Crop exposure changes much more frequently than property exposure; crop rotation practices lead to changes in crop exposure as often as every year, with more gradual changes caused by shifting weather and climate patterns. In the private U.S. Crop Hail insurance program, the prevalence of policy conditions applied can also vary from year to year as individual companies choose which policy forms to offer and farmers decide which policy to purchase. To accurately and realistically capture your crop hail risk and potential losses, assessments must use the most current crop exposure and policy data.
Recent Shifts in U.S. Crop Exposure
While crop areas can shift from year to year on a local scale due to crop rotation practices, a more general trend has been observed in planted crop acreage in recent years. Planted area of principal crops in the U.S. has decreased at the national level since 2014. One major crop for which planted acreage has steadily decreased is winter wheat (Table 1).
As crop exposure changes over time, the overall risk of insured crop hail losses changes.
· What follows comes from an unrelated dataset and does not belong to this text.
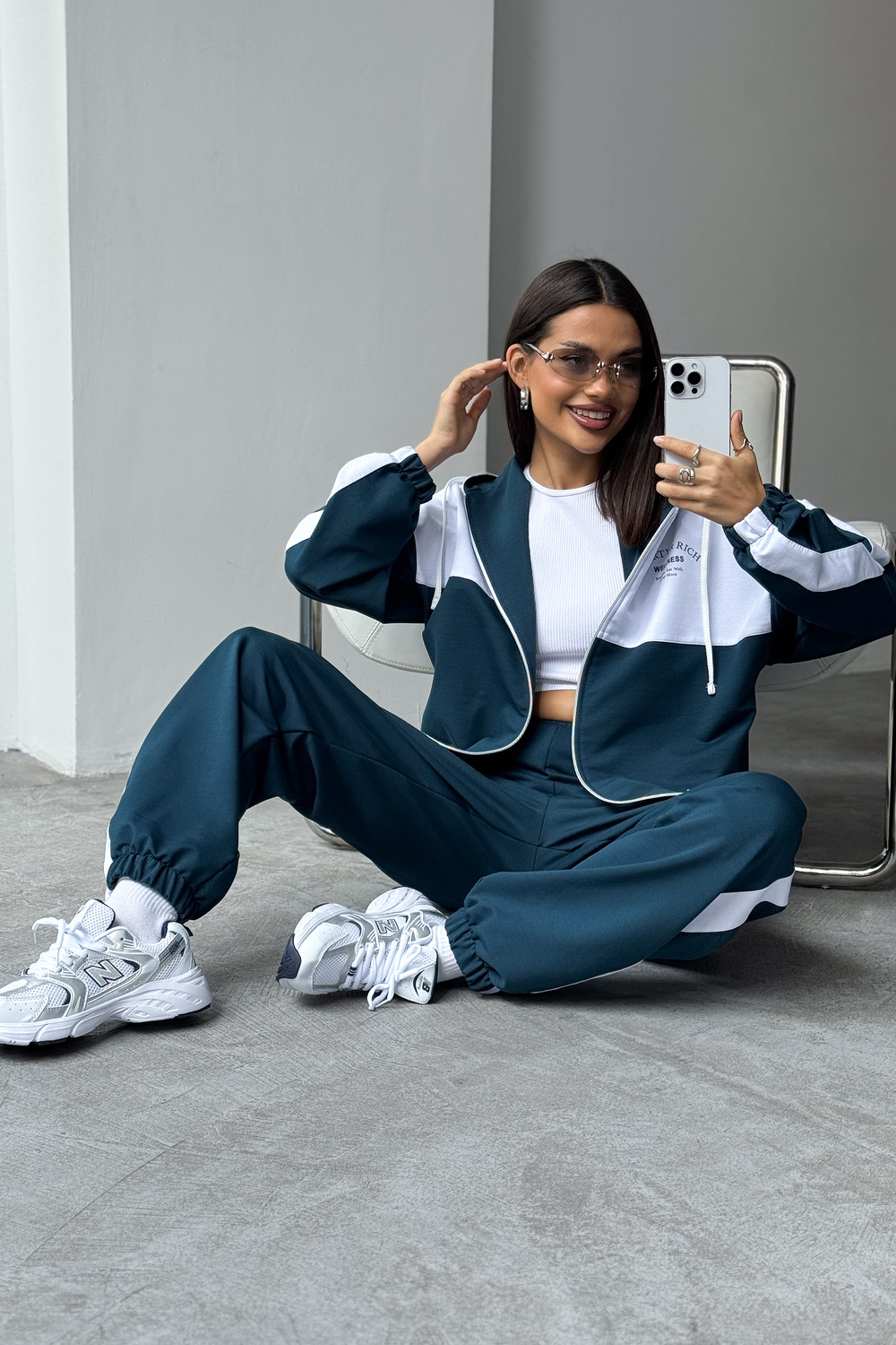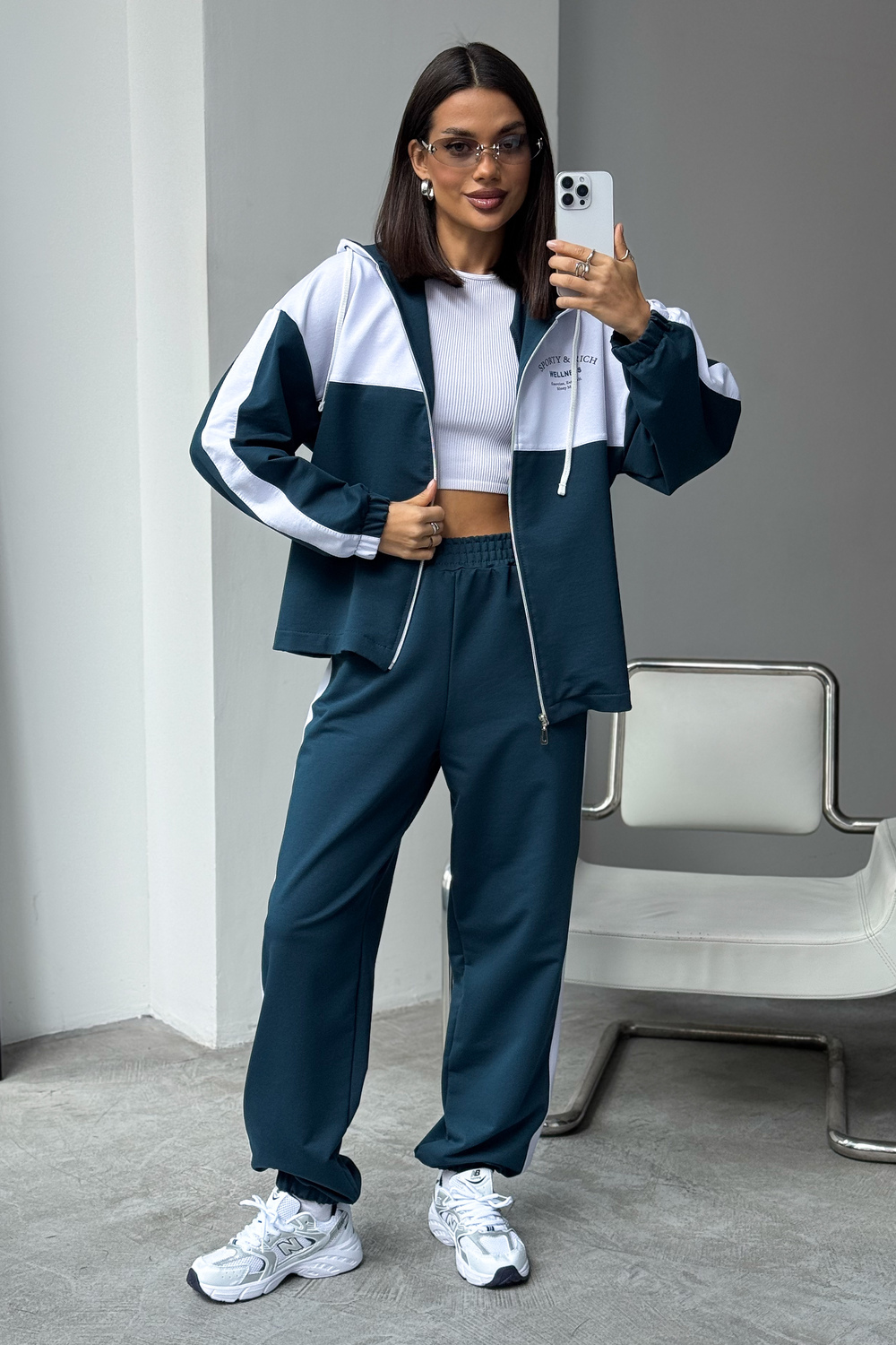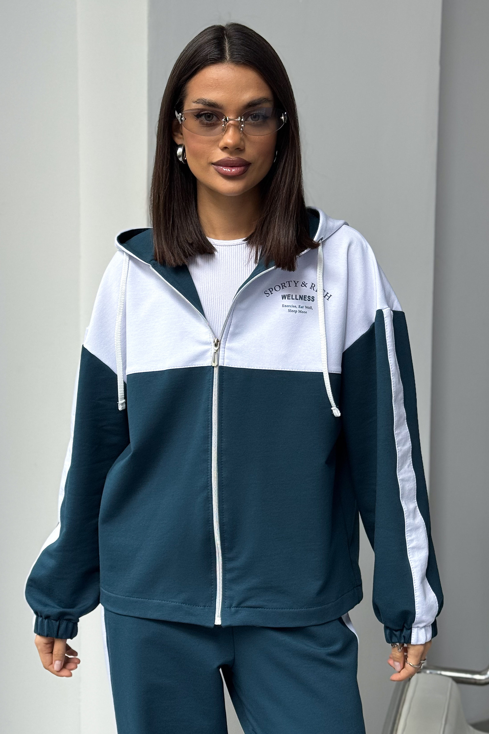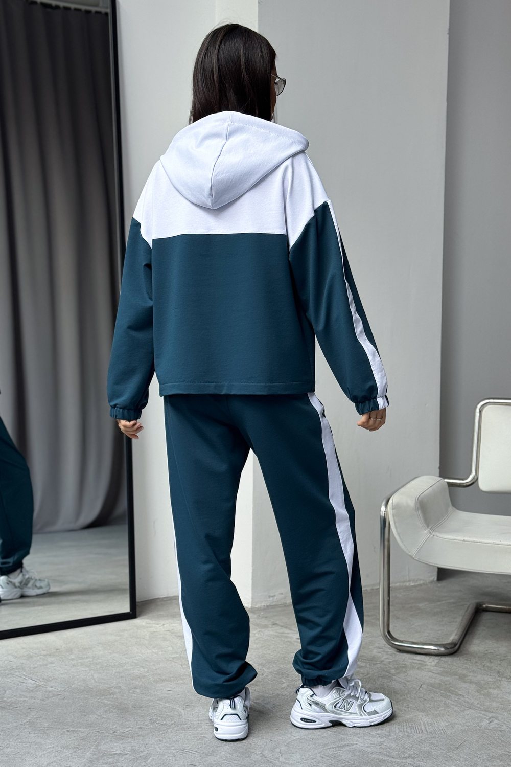 Женский спортивный костюм из трикотажа — идеальный выбор для тренировок, активных прогулок, дома или спортзала. Двойка состоит из худи на молнии с капюшоном и практичными брюками. Изделие выполнено из мягкого хлопка, что обеспечивает легкий и комфортный уход за вещью и удобство на каждый день.

Vulnerability to hail damage varies both by crop type and by developmental stage of a crop at the time of a hailstorm. If agricultural land is planted with different crops, a thorough risk assessment must account for the new crop exposure. If overall planted area of insured crops reduces, the decreased risk of loss should also be considered.
U.S. Crop Hail Policy Terms Were Recently Updated
Production Plan is one of the major lines of business in the U.S. Crop Hail insurance market. It covers hail losses that fall within the deductible of a farmer’s MPCI policy and allows the farmer to receive indemnity payments based on production loss. Production Plan policies may have a deductible (referred to as minimum loss), typically 5% or 10%; an indemnity is paid only if the hail loss exceeds the minimum loss on the policy.
In 2016, Production Plan policies sold in Texas saw a definitive shift from a minimum loss of 10% to a minimum loss of 0% (Figure 1).
This change in policy terms resulted in indemnity payments to farmers for smaller hail losses (up to 10% loss), whereas these losses would have fallen within the policy deductible in previous years. The aggregate effect on the U.S. Crop Hail insurance industry of many smaller loss-causing events throughout a year can be significant and can lead to an increase in industry losses.
A similar shift toward 0% minimum loss Production Plan policies was observed after 2011 in several states, including Nebraska, Iowa, North Dakota, and South Dakota.
Capturing Changes to U.S. Crop Exposure and Policies
Changes to U.S. crop exposure and the Crop Hail insurance program are captured in regular updates to AIR’s U.S. Crop Hail Model. The most recent model update, released on August 1, reflects updates to planted crop exposure in the U.S. and recent changes to policy terms across both the Crop Hail and Production Plan lines of business.